■ **The problem**: The material below has pictures in it. Set down only the lines from the line containing "Ta = 25°C,典型值,感光灵敏度:λ" through the line containing "商品名称:(总)恒爱家纺 2023新款舒适亲肤全棉色织水洗棉床笠", word for word, and leave the pictures behind.
**** Data shown ****
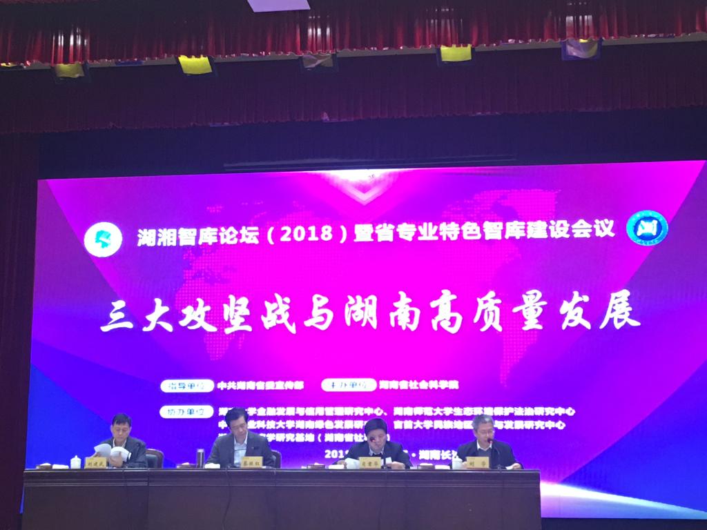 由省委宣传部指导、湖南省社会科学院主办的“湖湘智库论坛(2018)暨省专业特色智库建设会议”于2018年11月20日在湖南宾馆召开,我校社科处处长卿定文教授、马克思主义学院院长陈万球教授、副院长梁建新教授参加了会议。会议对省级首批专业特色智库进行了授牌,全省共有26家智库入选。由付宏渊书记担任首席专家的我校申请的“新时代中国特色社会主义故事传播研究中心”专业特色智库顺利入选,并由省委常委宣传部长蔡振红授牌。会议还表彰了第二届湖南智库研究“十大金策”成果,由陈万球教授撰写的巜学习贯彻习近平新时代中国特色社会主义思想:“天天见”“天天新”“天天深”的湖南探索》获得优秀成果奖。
****
**** Data shown ****
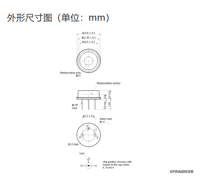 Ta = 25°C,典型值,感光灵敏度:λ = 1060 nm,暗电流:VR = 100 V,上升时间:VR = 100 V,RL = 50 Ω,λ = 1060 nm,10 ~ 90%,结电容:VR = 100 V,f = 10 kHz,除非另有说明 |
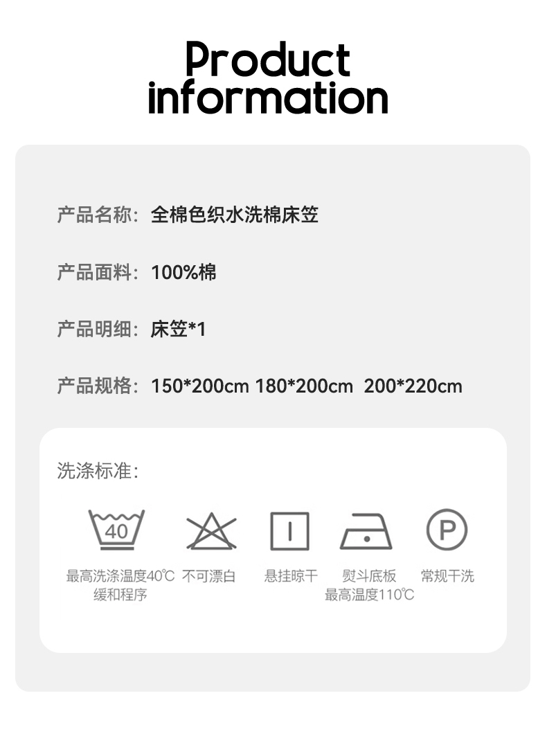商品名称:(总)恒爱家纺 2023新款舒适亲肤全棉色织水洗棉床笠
****
■ **Task result**:
 Ta = 25°C,典型值,感光灵敏度:λ = 1060 nm,暗电流:VR = 100 V,上升时间:VR = 100 V,RL = 50 Ω,λ = 1060 nm,10 ~ 90%,结电容:VR = 100 V,f = 10 kHz,除非另有说明 |
商品名称:(总)恒爱家纺 2023新款舒适亲肤全棉色织水洗棉床笠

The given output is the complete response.